Written by: on May 15, 2010

The Cure, quite frankly, are one of the most unusual bands ever to grace the airwaves. In the course of their 34- year career they have produced some of the greatest pop songs this side of the Beatles; classics like ‘Close to Me’, ‘Friday I’m in Love’ and ‘Boys Don’t Cry’, and yet a quick read of the band’s biography reveals enough turmoil and angst to fill a hundred Twilight novels. Over the years twelve different people have played in the band, and it stands as testament to Robert Smith’s supernatural appeal that, let’s face it, no one’s really noticed. Although they are primarily thought of as being a ‘gothic’ band, their back catalogue reveals an incredible range of musical influences and styles, which makes picking an album as their best virtually impossible. However, the general consensus seems to be that Disintegration has a fair shot at the title.

A behemoth of a record, Disintegration was the culmination of Smith’s increasingly atmospheric and stylistic focus, and although he made a return to the broody and melancholic sounds produced on earlier albums, he did not entirely abandon the pop sensibilities they had been using to such great effect following Pornography (1982). Originally released in 1989, the album came at the peak of the band’s popularity; they had headlined Glastonbury in 1986, and had embarked on a world tour following the release of previous album Kiss Me Kiss Me Kiss Me. However, coping with success had never been one of their strong points, and with founding member Lol Tolhurst’s increasingly excessive alcohol abuse, and Robert Smith’s depression and use of hallucinogenic drugs, Disintegration was not going to be an easy album to record. Smith would reportedly lock himself away for hours at a time, contemplating on life, death and turning thirty, leading to the likes of title track ‘Disintegration’, and upbeat number ‘Prayers for Rain’ (featuring the cheery phrase ‘I suffocate, I breathe in dirt, and nowhere shines’). Yet tracks like ‘Love Song’ (written by Smith as a wedding present for his fiancé and school sweetheart Mary Poole) and ‘Pictures of You’ provided more positive, even happy moments amidst the sorrow and despair Smith seemed intent on conveying. Intimate and harrowing lyrics, along with the sweeping, emotive sound of the music itself, create an album that goes far beyond the self-indulgent, miserable album that could well have been produced.

This reissue, as well as containing a digitally re-mastered version of the original album, also comes with a disk full of previously unreleased demos and recordings, and Entreat Plus – Recorded Live At Wembley Arena 1989, a concert recording of the Disintegration album in full.

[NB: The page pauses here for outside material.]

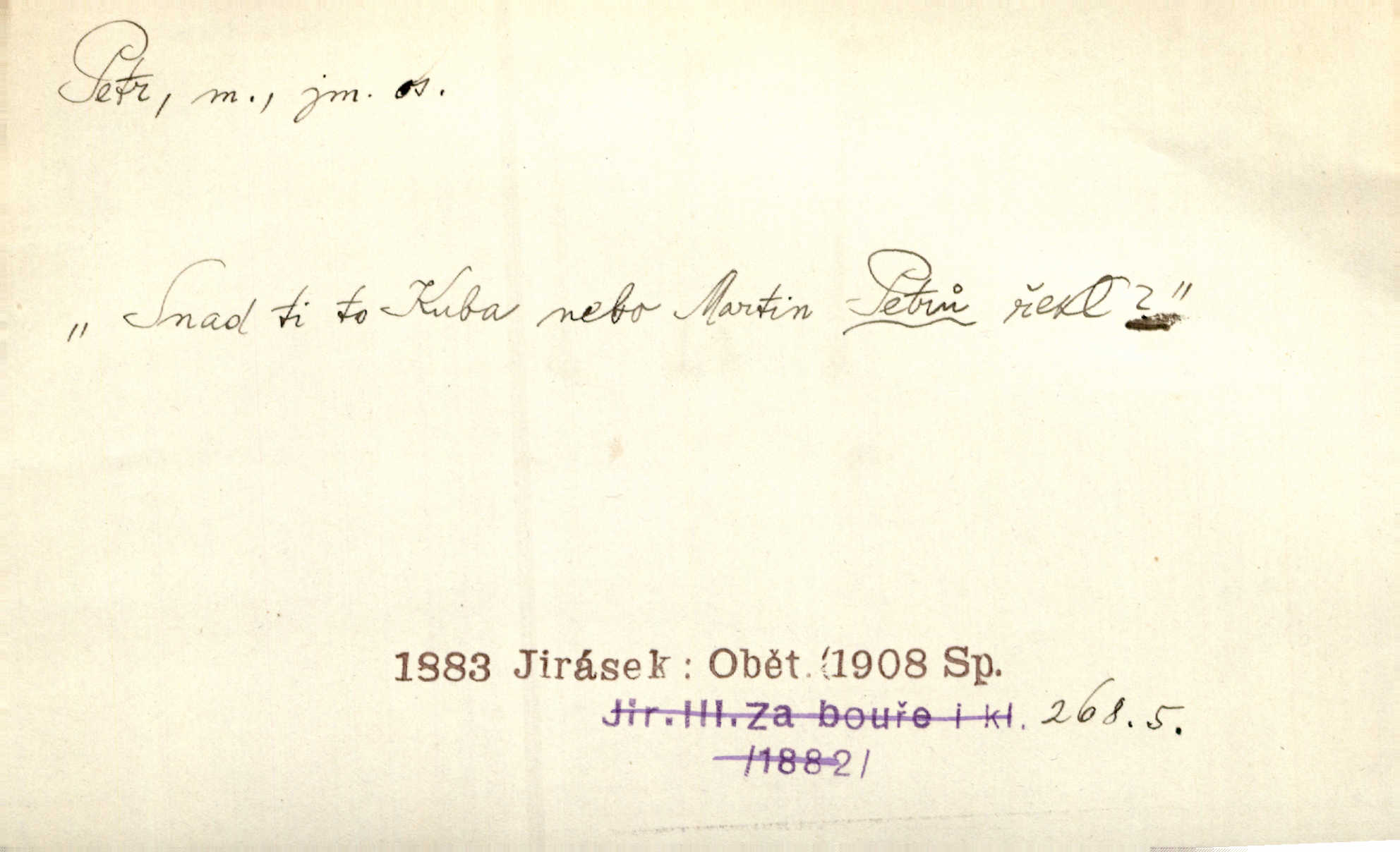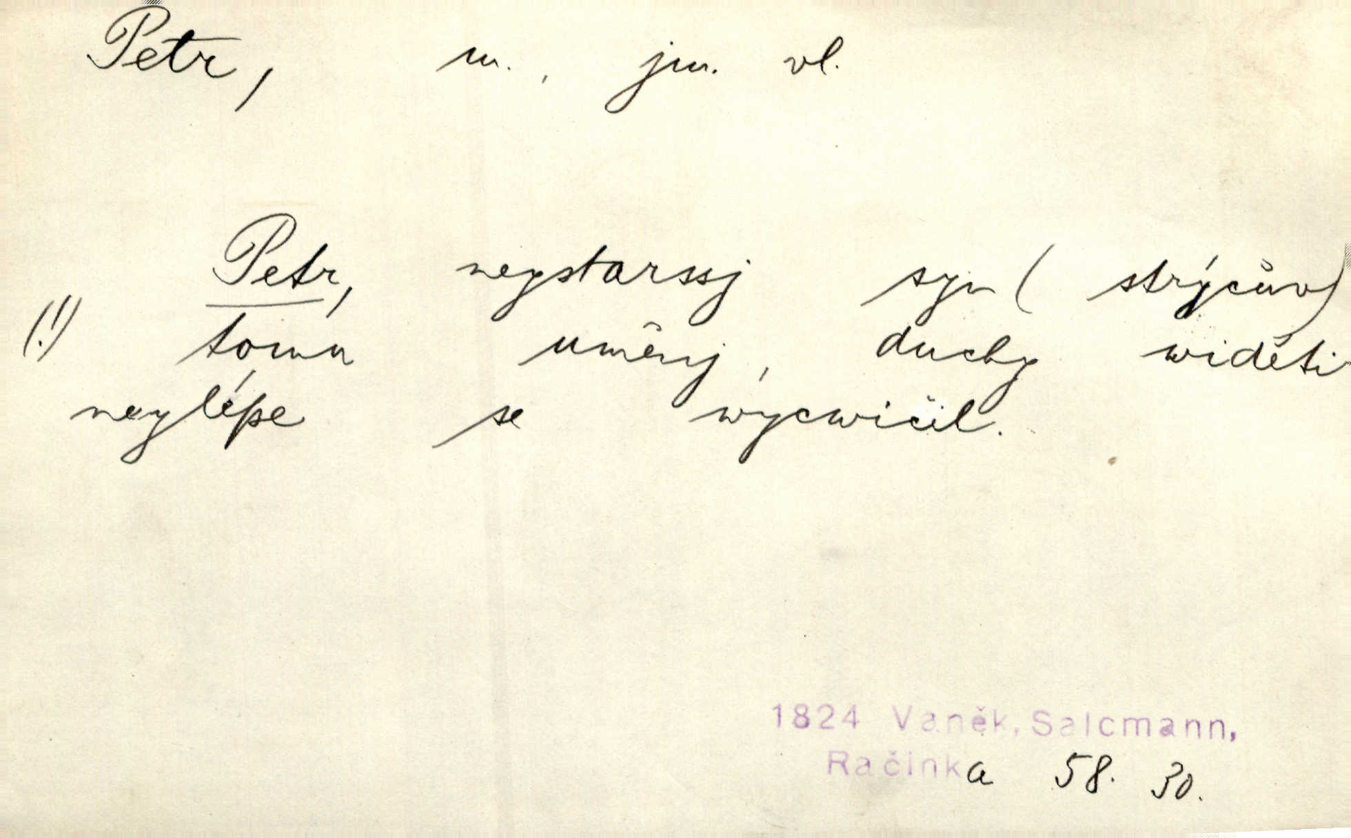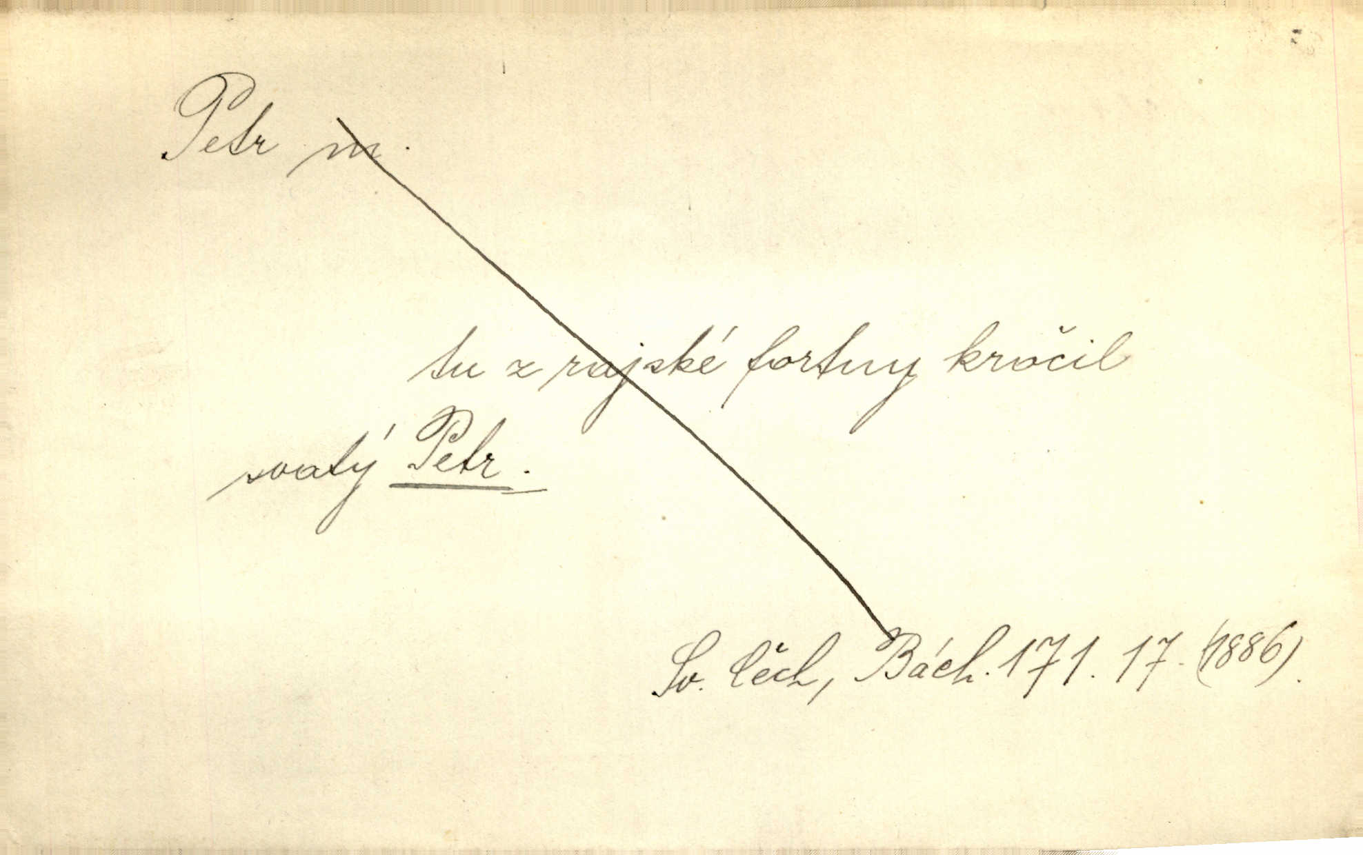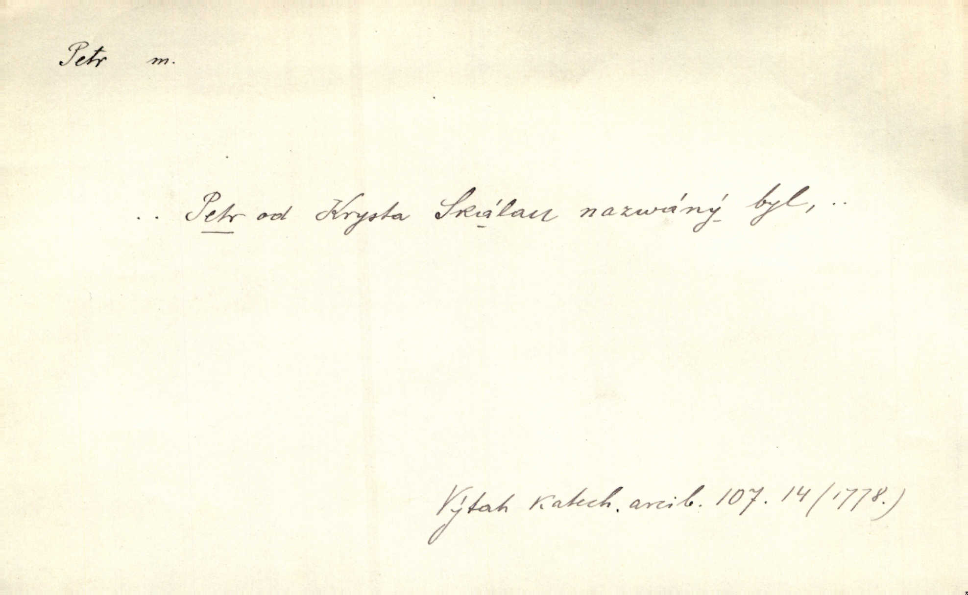 - Petr, -a m. jméno jednoho z apoštolů; osobní jm. mužské. Skála, na níž církev Petrova stojí, odolá věčnosti církev katolická. J. Pichl. Helenka se začervenala a zapřela ho [Ríšu] jako Petr Krista. V. Mrš. [Spravedlnost] vinu stejně trestá, ať jest vinníkem Petr nebo Pavel kdokoli. Hol. Nahlídnul jsem, že jest Petr jako Pavel jeden jako druhý. Havl. Kolísali ti a kolísali oni, opičili se Petr a Pavel ten i onen. Přít. Přen. Plížily se tenkrát [za Václava IV.] děsné doby nejen na lodičku Petrovu, ale i na českou zem na církev. Třeb. Nepomýšlel déle [císař]‚ aby se Petrovu náměstku zachoval papeži. Tyl. D černý petr druh hry v karty; jedna z karet této hry. Sklepnice hrály černého Petra. V. Mrš. Umíval jsem dudáka a černého Petra. Rais.

The album itself is a masterpiece, no question, and the concert recording, as well as testifying to The Cure’s phenomenal live show, is an awe-inspiring listen. In all honesty, the disk of rarities is unnecessary to all but the most obsessive fans, containing little more than instrumental versions and rehearsals of the songs on the album, but the album itself and the live recording make this a worthwhile buy regardless. For anyone taking their first steps beyond The Cure’s Greatest Hits, they could do a hell of a lot worse than to start here.